A person is not their weight. Stop talking about it.
For years, people have used Adele as an example of a successful person in the music industry who didn’t fit the normative beauty standards. And this is despite her being a beautiful, white, blond-haired, blue-eyed woman. The only beauty standard that she didn’t fit was her weight.
Over the last year, pictures have been published showing Adele’s dramatic weight-loss. And the storm soon ensued. From one day to another she went from being the protagonist of body positivity to an example for magazines to make articles about how to lose weight in a short time.
Neither of them is okay. Adele didn’t ask to be either.
And of course, by making this article I am fueling the conversation. However, I think it is important to talk about the media’s obsession with weight. Because every time I see a magazine article that celebrates Adele’s weight loss my heart goes towards all the young women that will read it and will feel ashamed of their own bodies.
I can see it all in my head: the guilt, the self-loathing, the comments. “Adele could do it, why can’t you?”
The media has an obsession with women’s bodies
More often than not, it is women that criticize other women.
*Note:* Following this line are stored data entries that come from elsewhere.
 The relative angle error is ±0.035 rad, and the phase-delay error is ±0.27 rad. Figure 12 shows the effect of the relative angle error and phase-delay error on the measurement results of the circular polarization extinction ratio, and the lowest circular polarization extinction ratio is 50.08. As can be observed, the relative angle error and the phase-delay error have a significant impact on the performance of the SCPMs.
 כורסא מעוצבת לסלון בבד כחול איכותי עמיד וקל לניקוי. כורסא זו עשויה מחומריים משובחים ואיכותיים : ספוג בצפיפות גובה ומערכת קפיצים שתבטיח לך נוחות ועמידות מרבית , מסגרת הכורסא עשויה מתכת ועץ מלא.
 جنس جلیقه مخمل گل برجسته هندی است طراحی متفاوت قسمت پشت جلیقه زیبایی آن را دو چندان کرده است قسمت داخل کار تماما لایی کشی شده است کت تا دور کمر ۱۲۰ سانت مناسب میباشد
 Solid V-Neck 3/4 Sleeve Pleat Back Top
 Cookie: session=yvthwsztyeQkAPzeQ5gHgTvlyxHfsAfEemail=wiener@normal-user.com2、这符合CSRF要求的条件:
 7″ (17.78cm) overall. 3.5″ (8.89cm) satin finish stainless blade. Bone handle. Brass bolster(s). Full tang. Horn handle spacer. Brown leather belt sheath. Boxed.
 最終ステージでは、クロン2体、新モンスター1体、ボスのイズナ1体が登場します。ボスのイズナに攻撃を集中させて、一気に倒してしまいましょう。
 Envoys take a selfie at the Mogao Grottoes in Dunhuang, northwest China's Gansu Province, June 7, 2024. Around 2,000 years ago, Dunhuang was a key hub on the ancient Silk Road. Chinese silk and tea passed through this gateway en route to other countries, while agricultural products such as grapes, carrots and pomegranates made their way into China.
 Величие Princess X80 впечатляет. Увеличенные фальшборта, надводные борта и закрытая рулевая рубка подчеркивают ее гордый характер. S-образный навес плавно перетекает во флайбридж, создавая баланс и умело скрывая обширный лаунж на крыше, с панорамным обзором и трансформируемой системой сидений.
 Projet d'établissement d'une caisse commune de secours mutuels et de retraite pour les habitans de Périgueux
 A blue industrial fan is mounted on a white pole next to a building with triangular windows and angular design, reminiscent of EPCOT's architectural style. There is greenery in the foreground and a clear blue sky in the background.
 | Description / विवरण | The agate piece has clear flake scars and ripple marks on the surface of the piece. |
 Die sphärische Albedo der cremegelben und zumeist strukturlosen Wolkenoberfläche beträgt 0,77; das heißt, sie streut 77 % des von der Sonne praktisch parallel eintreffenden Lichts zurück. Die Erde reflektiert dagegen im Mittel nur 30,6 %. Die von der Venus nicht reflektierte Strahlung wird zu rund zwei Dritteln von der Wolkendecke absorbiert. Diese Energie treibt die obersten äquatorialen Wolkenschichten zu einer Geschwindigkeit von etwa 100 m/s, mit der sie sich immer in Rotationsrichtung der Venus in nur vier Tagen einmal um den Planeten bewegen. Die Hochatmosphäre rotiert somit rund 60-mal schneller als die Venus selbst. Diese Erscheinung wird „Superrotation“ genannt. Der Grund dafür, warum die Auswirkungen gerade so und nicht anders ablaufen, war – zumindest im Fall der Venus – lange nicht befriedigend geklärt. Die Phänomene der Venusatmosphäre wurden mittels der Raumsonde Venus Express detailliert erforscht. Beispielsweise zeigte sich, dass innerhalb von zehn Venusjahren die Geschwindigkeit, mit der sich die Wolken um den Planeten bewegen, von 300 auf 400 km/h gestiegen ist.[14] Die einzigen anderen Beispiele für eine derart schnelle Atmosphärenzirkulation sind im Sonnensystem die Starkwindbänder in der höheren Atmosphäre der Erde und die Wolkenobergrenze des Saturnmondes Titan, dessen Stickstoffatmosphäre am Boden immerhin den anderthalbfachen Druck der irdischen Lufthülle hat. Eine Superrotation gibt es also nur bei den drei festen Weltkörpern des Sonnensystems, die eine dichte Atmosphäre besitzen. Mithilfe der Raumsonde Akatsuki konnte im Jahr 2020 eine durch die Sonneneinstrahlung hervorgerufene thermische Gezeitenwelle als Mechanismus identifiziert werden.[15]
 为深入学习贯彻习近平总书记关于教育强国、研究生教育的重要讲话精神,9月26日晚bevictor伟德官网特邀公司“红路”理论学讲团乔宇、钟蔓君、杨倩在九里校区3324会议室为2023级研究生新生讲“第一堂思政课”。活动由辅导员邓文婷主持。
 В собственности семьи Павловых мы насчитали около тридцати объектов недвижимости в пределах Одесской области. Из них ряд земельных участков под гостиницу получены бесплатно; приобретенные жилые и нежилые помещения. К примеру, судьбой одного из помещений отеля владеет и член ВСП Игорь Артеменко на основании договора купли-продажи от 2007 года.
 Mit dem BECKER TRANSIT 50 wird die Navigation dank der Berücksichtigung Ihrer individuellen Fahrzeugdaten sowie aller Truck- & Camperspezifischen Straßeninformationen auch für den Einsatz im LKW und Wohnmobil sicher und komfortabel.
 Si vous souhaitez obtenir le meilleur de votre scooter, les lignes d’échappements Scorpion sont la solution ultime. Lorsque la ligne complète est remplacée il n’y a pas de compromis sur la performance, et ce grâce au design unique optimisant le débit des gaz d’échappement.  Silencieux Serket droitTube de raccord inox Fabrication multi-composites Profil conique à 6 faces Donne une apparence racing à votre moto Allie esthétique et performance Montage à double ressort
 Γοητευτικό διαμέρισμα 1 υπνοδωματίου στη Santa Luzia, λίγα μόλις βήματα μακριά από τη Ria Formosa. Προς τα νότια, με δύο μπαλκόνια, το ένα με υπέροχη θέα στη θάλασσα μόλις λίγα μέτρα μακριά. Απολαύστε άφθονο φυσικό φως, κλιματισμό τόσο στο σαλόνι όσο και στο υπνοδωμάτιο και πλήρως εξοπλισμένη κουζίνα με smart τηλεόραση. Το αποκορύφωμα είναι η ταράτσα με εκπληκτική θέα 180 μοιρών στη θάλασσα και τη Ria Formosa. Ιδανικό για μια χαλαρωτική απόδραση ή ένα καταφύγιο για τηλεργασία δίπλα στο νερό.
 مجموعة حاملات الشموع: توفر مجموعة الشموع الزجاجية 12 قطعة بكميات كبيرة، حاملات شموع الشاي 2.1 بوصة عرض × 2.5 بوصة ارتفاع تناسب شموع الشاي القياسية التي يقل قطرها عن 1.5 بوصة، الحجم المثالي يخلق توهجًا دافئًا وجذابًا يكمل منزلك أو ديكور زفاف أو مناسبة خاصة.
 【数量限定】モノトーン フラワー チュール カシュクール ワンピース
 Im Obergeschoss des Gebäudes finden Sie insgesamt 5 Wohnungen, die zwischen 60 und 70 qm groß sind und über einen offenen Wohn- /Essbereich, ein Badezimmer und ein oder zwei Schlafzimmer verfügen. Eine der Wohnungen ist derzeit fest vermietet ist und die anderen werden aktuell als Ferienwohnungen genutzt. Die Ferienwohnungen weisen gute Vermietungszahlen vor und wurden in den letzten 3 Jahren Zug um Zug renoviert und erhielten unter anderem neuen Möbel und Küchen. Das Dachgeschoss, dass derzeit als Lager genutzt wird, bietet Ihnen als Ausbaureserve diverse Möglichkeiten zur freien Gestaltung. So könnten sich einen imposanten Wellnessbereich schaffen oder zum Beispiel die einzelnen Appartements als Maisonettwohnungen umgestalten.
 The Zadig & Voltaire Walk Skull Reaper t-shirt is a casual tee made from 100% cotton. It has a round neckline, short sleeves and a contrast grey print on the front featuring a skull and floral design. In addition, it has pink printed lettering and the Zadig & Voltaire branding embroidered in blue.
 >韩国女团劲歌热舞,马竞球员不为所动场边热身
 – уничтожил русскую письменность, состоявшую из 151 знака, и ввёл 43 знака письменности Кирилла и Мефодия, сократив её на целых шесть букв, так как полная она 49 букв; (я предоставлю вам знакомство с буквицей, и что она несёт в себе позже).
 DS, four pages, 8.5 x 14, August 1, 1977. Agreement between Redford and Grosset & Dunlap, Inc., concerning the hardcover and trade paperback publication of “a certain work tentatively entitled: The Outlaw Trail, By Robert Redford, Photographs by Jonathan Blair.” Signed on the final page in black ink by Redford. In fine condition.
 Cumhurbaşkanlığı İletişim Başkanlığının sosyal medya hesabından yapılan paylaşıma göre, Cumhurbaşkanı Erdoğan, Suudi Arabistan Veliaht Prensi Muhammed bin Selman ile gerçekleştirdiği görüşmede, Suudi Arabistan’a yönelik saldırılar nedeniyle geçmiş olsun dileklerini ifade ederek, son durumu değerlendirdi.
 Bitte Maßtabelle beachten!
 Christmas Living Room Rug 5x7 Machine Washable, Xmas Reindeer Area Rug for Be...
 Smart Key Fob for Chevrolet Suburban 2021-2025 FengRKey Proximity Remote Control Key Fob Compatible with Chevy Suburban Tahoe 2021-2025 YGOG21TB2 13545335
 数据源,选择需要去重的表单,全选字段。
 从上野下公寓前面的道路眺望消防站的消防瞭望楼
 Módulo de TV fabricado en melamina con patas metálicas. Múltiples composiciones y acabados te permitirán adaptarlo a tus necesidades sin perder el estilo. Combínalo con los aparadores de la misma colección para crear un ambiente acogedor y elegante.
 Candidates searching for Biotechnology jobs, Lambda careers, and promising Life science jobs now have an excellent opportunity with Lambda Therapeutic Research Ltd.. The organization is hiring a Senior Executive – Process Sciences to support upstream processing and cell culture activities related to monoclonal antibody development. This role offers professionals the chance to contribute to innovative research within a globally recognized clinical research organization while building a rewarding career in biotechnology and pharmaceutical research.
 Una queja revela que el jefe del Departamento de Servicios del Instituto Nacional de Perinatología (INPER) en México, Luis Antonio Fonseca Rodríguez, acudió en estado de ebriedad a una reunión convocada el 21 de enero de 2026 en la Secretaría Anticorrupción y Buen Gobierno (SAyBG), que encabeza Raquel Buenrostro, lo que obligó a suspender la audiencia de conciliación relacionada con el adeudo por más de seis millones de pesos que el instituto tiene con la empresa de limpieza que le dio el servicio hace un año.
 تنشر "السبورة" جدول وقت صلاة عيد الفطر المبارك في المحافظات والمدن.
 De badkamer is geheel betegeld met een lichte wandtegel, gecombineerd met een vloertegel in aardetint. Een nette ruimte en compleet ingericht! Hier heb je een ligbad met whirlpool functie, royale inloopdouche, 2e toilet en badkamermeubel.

All of us have interiorized that our worth depends on our looks, and whole industries have been created to profit from that belief. Hundreds of magazines and diet blogs use images of women that make us feel like we are somehow “less than”. Moreover, we continue the conversation ourselves. We fueled it.
I was shocked by the incredible amount of people in social media that praised Adele for her weight loss, headed her up as an example, and even dare to say that she had never looked as beautiful. Adele has always been a stunning woman.
This is how people develop eating disorders: by seeing pictures of other women receive avalanches of praise for their weight-loss, much more than for any other achievement, even an Oscar or a Grammy. We are telling girls that the biggest thing they can aspire to is being pretty.
We shouldn’t celebrate anyone’s weight gain or loss, because we don’t know them and the circumstances that surrounded it. We don’t know why Adele decided to lose weight, or if it was a decision at all. We don’t know if for her it was a way of self-caring and feeling healthier or if it came from a place of insecurity or mental health struggles. And we should not care.
I can see it all in my head: the guilt, the self-loathing, the comments.
Instead, let’s celebrate all of Adele’s amazing achievements. Let’s stop talking about her as “that woman that lost 100 pounds” and look at her as “one of the only two women that have two Album of the Year Grammy Awards”. She’s that and much more.
She’s the pop star that was born in a working-class London neighborhood. The woman that broke all music sales records with ballads. The incredible mother. The woman that has won 86 awards, including one Oscar and 12 Grammys. The one that can make you cry with each of her songs, but you still keep listening anyway. The first living artist to have two top 5 hits in both the UK Official Singles Chart and the Official Albums Chart simultaneously since the Beatles. The one that makes you scream along to “Someone Like You” and “Hello” every time they are played (and gave you all the memes).
She is an incredibly talented singer and composer, who fought to make a space for herself in one of the most competitive industries out there. And won. Let’s listen to her new single Easy On Me and respect her private life.
As Jameela Jamil would say: Adele is worth so much more than her weight. And so are you.